PROBLEM ::
Reproduce everything from the line that contains "12月15日,在科威特首都科" down to the line that contains "Cono de porexpán, ideal" in the listing below, word for word and nothing more. Leave the pictures out.

LISTED RECORDS ::
+--

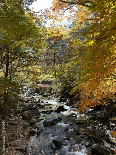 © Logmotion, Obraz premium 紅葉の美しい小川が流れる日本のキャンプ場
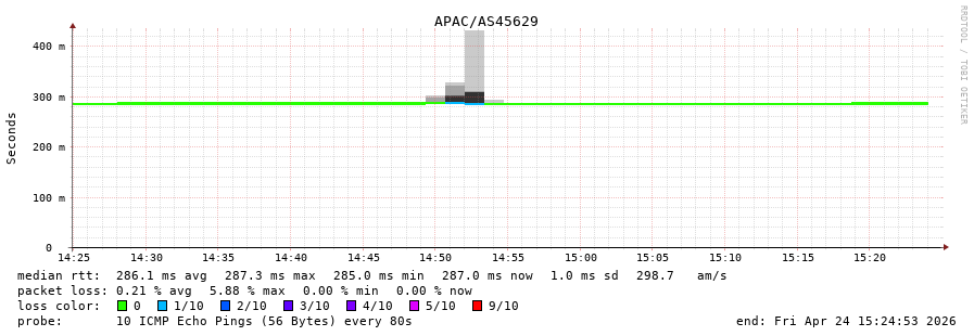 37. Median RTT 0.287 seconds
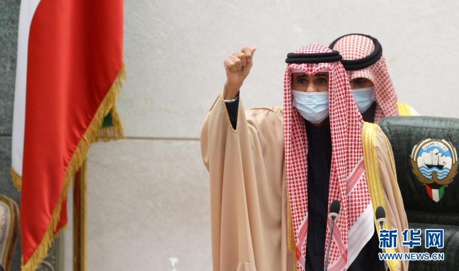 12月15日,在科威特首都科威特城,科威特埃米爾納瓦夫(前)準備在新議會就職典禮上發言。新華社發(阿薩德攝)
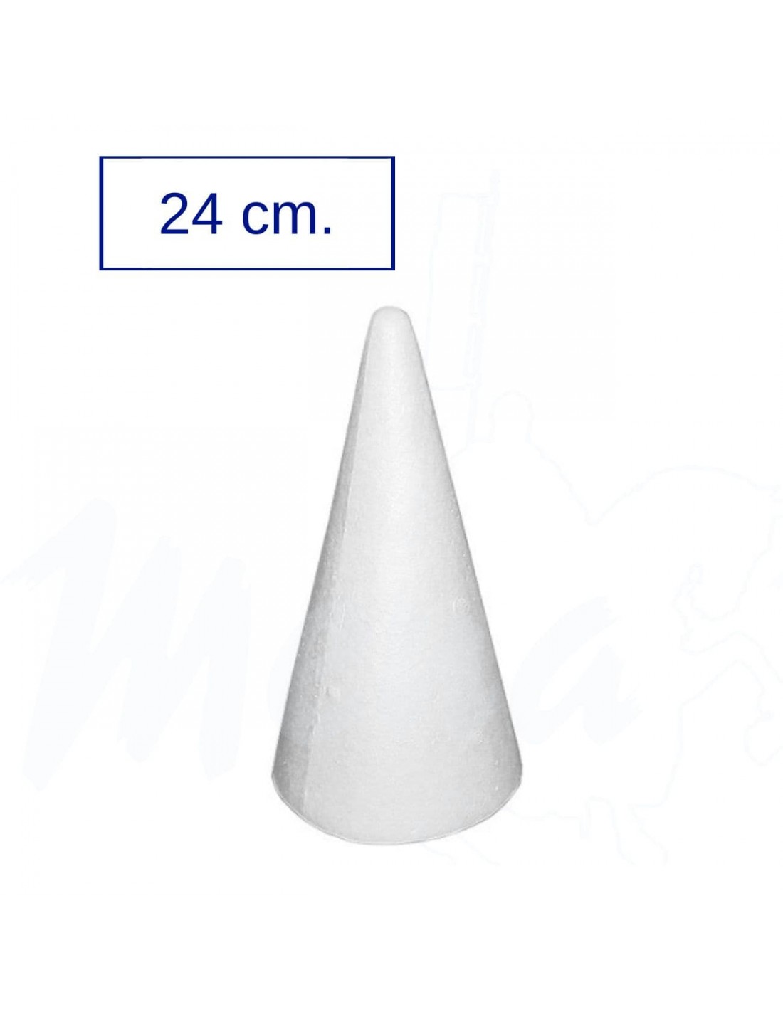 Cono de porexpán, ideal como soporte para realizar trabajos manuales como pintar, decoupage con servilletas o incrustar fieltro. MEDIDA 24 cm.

+--

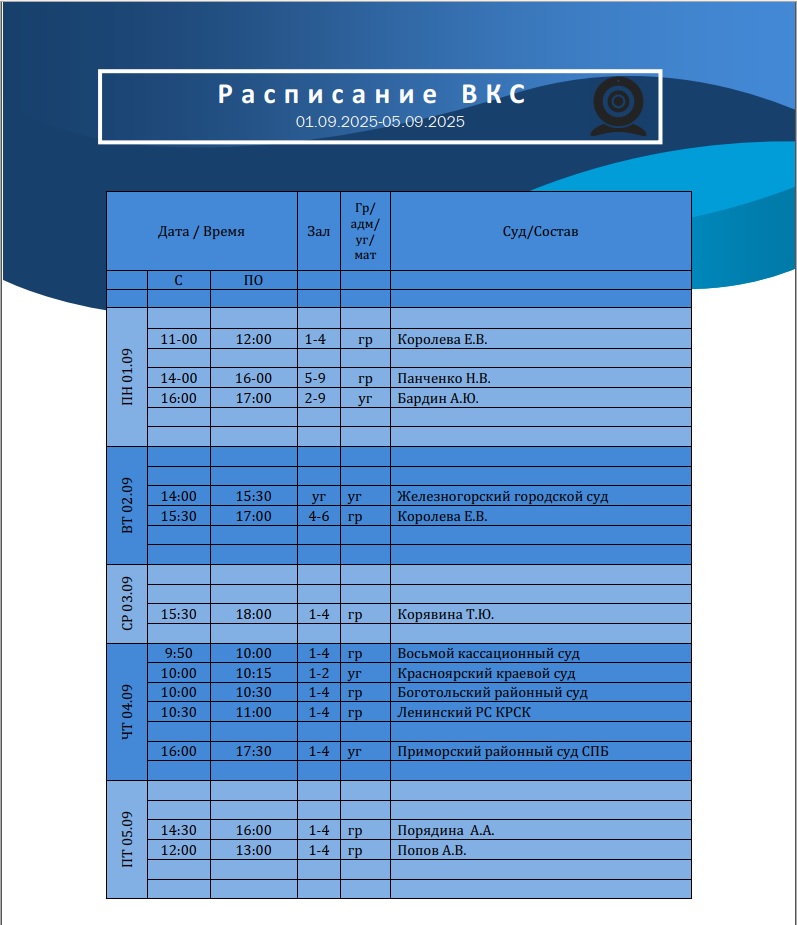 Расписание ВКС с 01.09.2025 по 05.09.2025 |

+--

RESPONSE TO THIS TASK ::
 12月15日,在科威特首都科威特城,科威特埃米爾納瓦夫(前)準備在新議會就職典禮上發言。新華社發(阿薩德攝)
 Cono de porexpán, ideal como soporte para realizar trabajos manuales como pintar, decoupage con servilletas o incrustar fieltro. MEDIDA 24 cm.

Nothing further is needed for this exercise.